Los Angeles International Airport (LAX) launched the Terminal Wellness Project this week, deploying thermal camera technology at the world’s third busiest airport to help identify travelers with an elevated body temperature. It’s the latest measure in the city’s continuing response to the COVID-19 health crisis, as the city of some four million residents begins to see a resurgence of cases.

Prior to the pandemic, the airport moved a record 88.1 million travelers in 2019. In April, passenger traffic at LAX was more than 95% below what it was a year earlier.

Starting this week, thermal cameras have been deployed at two locations inside the Tom Bradley International Terminal –– at the main entrance on the departures level and inside the terminal near select international arrivals –– with both arriving and departing passengers screened. The cameras are designed to rapidly identify people with body temperatures of 100.4 degrees or more, which is the current guideline for detecting a fever set by the Centers for Disease Control and Prevention (CDC).

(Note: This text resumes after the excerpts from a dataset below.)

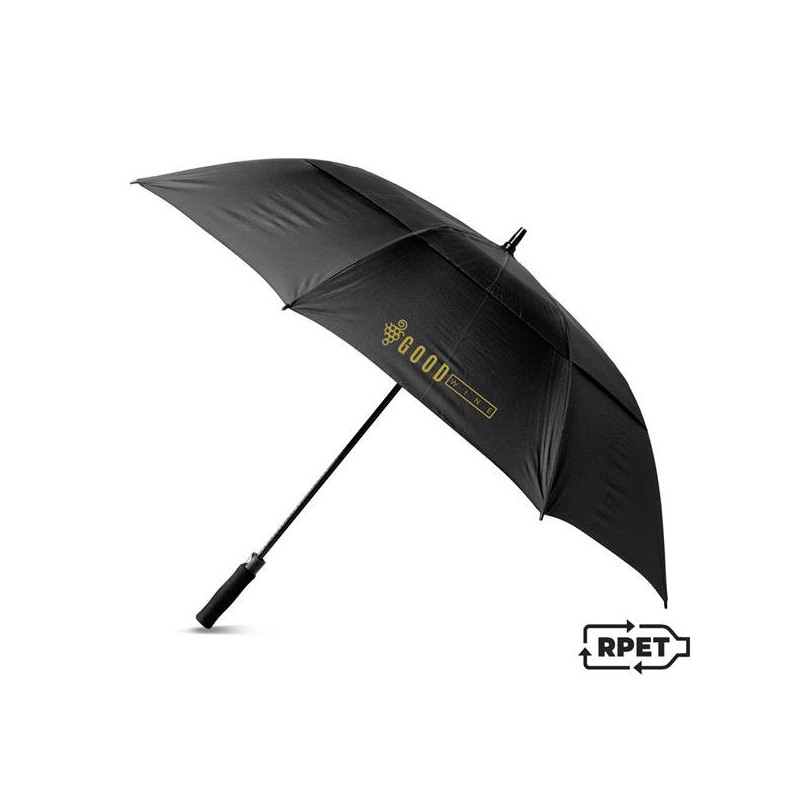 Face rainy days with style and functionality with our double-panel RPET rain hat with golf handle! This is the perfect accessory to keep you dry when the weather decides to play tricks.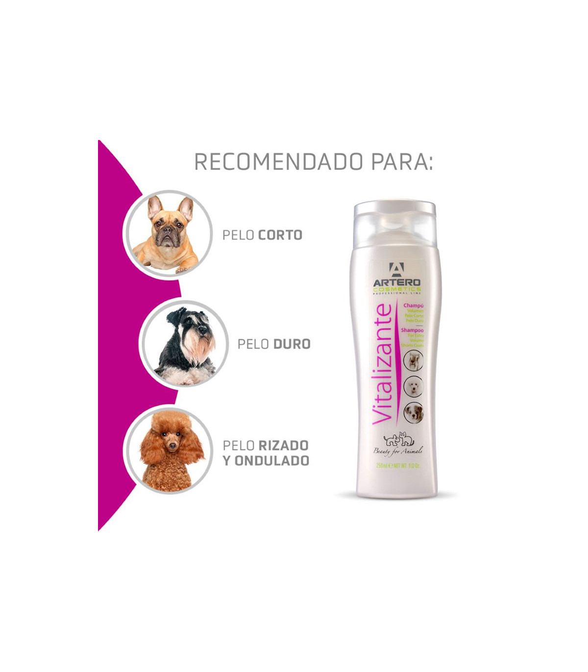 Descubra a fórmula secreta de ARTERO Para manter a saúde e a beleza do seu animal de estimação. Nosso xampu vitalizante de 250ml é uma mistura perfeita de ingredientes naturais e benefícios importantes para o melhor cuidado de pele.
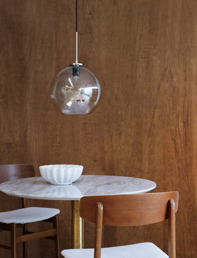 The LOOP series consists of these beautiful glass domes. The series can be used in clusters, over the table or in the open space. The suspension is simple and with fabric cord.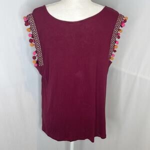 NWT a new day maroon Pom Pom sleeve t shirt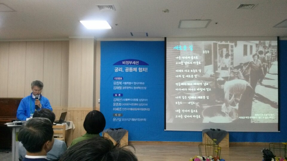 전국의 마을활동가들과 기초단체장들 그리고 마을활동에 관심을 가지고 있는 지역주민들이 20일 광주, 광산구공익활동지역센터, 한자리에 모였습니다. '전국 마을론(論)컨퍼런스-오월광주, 마을을 논하다'에서 마을에 대한 다양한 담론들과 공유하는 장이 펼쳐졌기 때문입니다.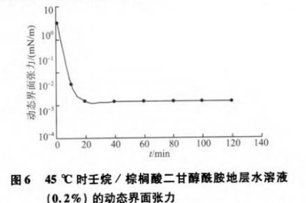 圖6 45℃時壬烷/棕櫚酸二甘醇酰胺地層水溶液(0.2%)的動態(tài)界面張力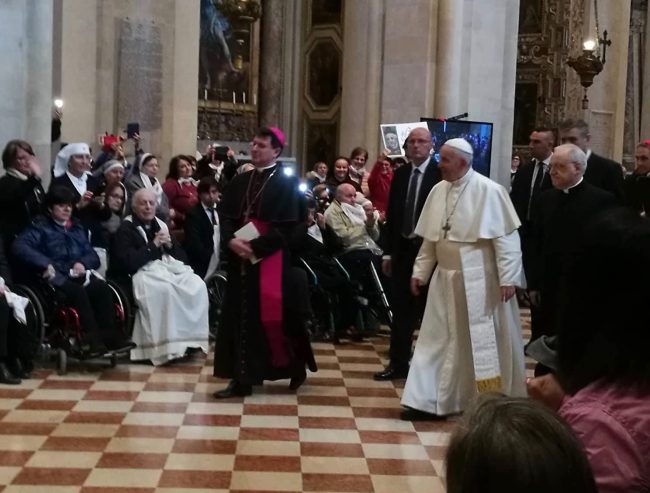 “C’è sempre lo stesso entusiasmo. Io c’ero quando venne a Loreto Giovanni XXIII e i ragazzini erano così contenti che correvano dietro alla sua auto per salutarlo – racconta Vittorio Vecchioli, titolare di un storico negozio di articoli religiosi – Sarà che eravamo tutti più giovani ma a me sembrava anche bello Giovanni XXIII. Ricordo che al termine dell’Angelus disse alla piazza: ‘… adesso vi ho dato la benedizione, andiamo tutti a pranzo e cerchiamo di essere felici in tutto…’. Queste parole mi risuonano ancora in testa come se le avessi ascoltate ieri. Poi nel 2012 ho visto da vicino papa Ratzinger mentre usciva dal suo appartamento e prima Papa Woityla. Credo però che Papa Francesco sia molto amato e per questo è seguito volentieri dalla gente”. Vecchioli ritiene che eventi eccezionali come quello di stamattina “portino benefici alla nostra città, ma anche alla nostra regione. Papa Francesco lo aspettavano da tempo: ora ha esaudito la nostra richiesta”. Un altro segno bellissimo di una Chiesa antica e immutabile nel rigore dei dogmi, ma anche giovane.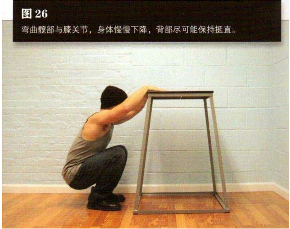 弯曲髋部与膝关节,身体慢慢下降,背部尽可能保持挺直,直到大腿后侧紧贴小腿,无法蹲得更低为止,这是该动作的最低点(图 26)。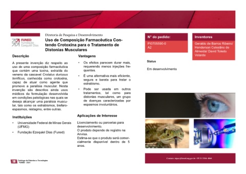 tendo Crotoxina para o Tratamento de PI0705590-0 Geraldo de Barros Ribeiro/ o Tratamento de Distonias Musculares A61K 35/58; A61P 21/00; A61P 25/00; A61P 27/02; A61P 17/00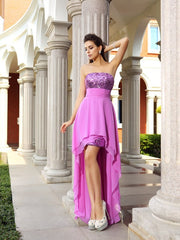 A-Line/Princess Strapless Beading Sleeveless High Low Chiffon Cocktail Dresses
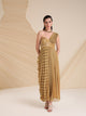 Chloe: Here’s the Chloe set; power dressing for the contemporary and charismatic Indian women through pre-draped concept saree, hand-embellished velvet belt, and flawless adorned blouse with long puffed sleeves.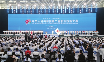 中华人民共和国第二届职业技能大赛昨日在国家会展中心(天津)开幕。图为大赛开幕式会场。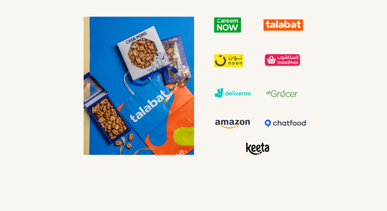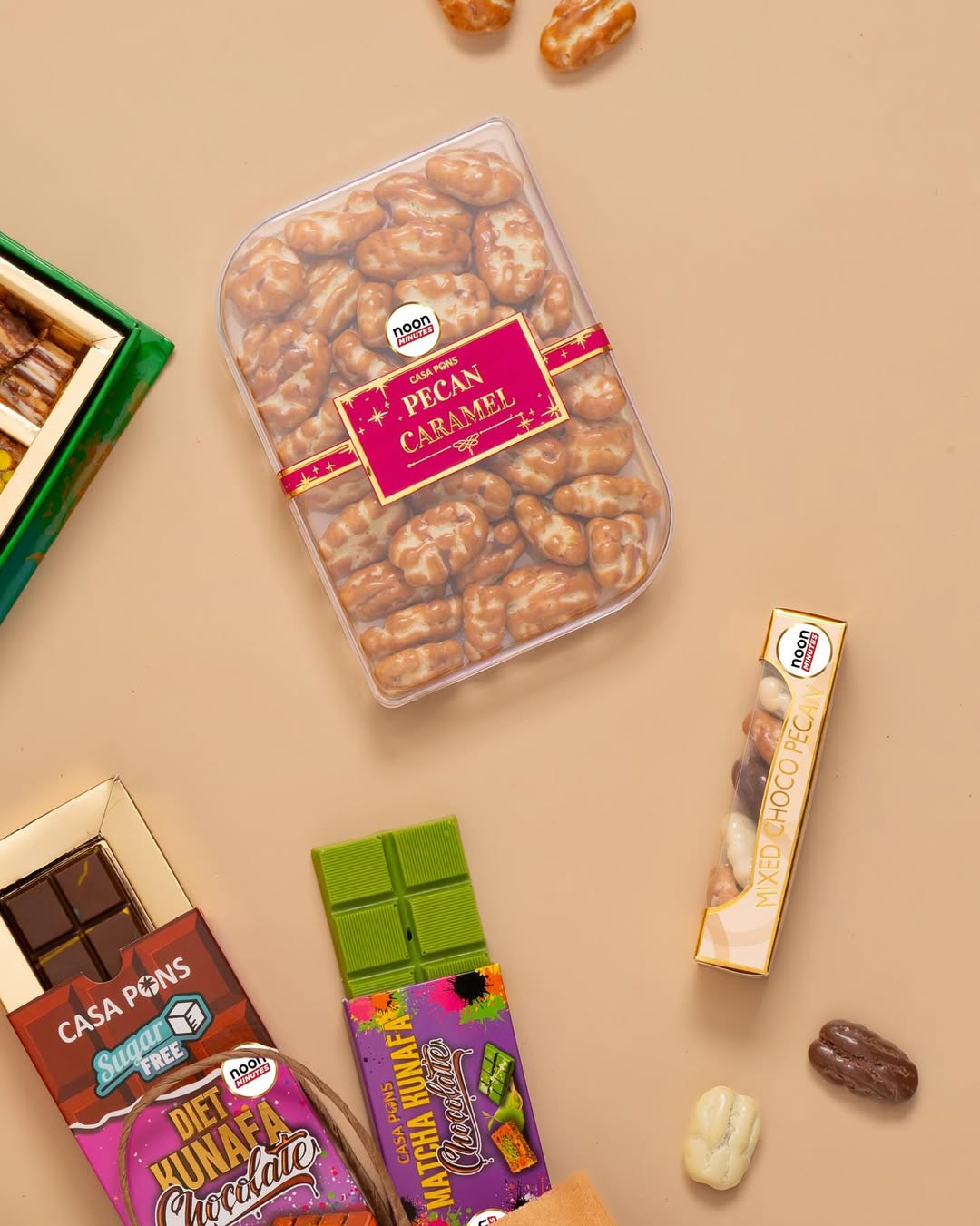 From caramelized pecans to handcrafted chocolates and elegant gift boxes, Casa Pons is now easier to find than ever. Whether it’s a thoughtful gift or a moment of indulgence, enjoy our signature taste and craftsmanship through Noon’s convenient delivery service.We’re also on Noon – the same Casa Pons quality you love, now a tap away.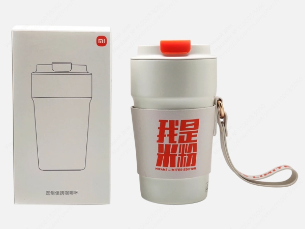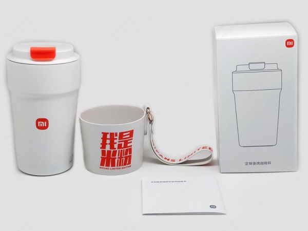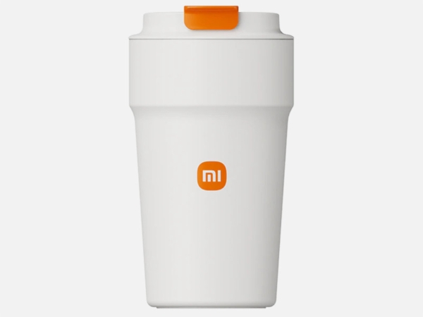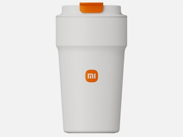 Компактная термочашка в фирменных цветах Xiaomi. Выглядит очень компактно, надёжно закрывается, есть накладка, защищающая от высокой температуры.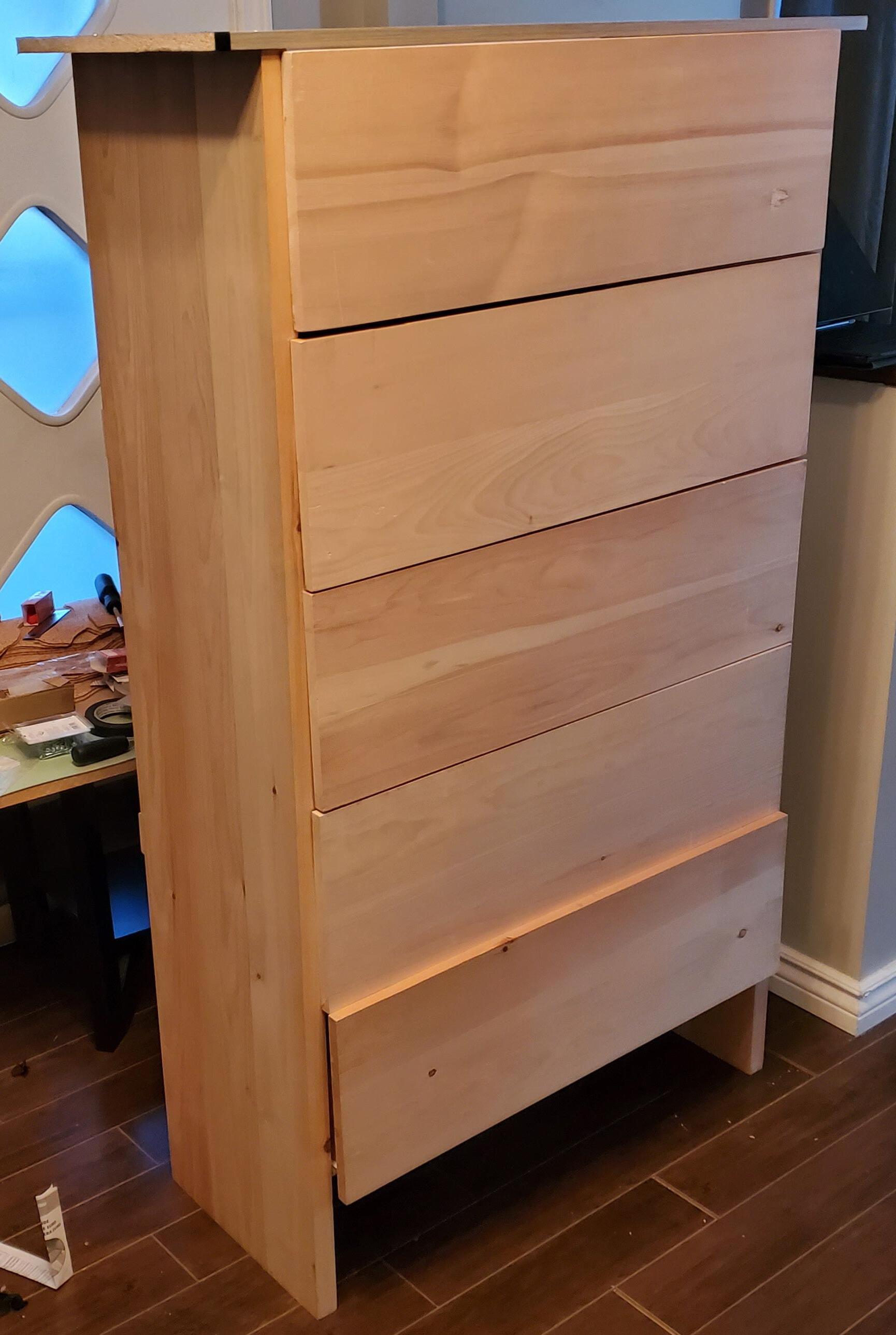 Namely, one of the many mistakes I learned from was: assembling the sides and top of the dresser before the individual drawers This led to the whole structure to be precarious, and I ultimately had to scrap those large parts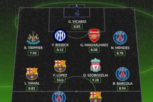 后衛:特里皮爾(紐卡,7.90分)、比塞克(國米,8.12分)、加布里埃爾(阿森納,8.08分)、努諾-門德斯(巴黎,8.78分)

“A world-class airport isn’t defined just by our historic investments in a reimagined LAX and an improved traveling experience –– it’s also about world-class safety,” said Mayor Garcetti. “This project reflects the best of this city’s innovative spirit, and it will help keep travelers healthy and set a new industry standard.”

This is a voluntary program with signage alerting passengers where this trial will take place. If a voluntary participant is identified as having an elevated body temperature, a medical professional near the camera operator will approach the identified person and request a secondary screening using a handheld, non-contact thermometer. Departing guests who are identified as having an elevated body temperature will be advised that they should not travel. Passengers on arriving international flights identified as being potentially ill may be referred to CDC staff on site.

These thermal camera temperature checks are not expected to replace other safety measures in place. To protect guest privacy, the cameras do not store, transmit, or share any data or images taken. Guests who decline to participate will have the opportunity to use a different pathway.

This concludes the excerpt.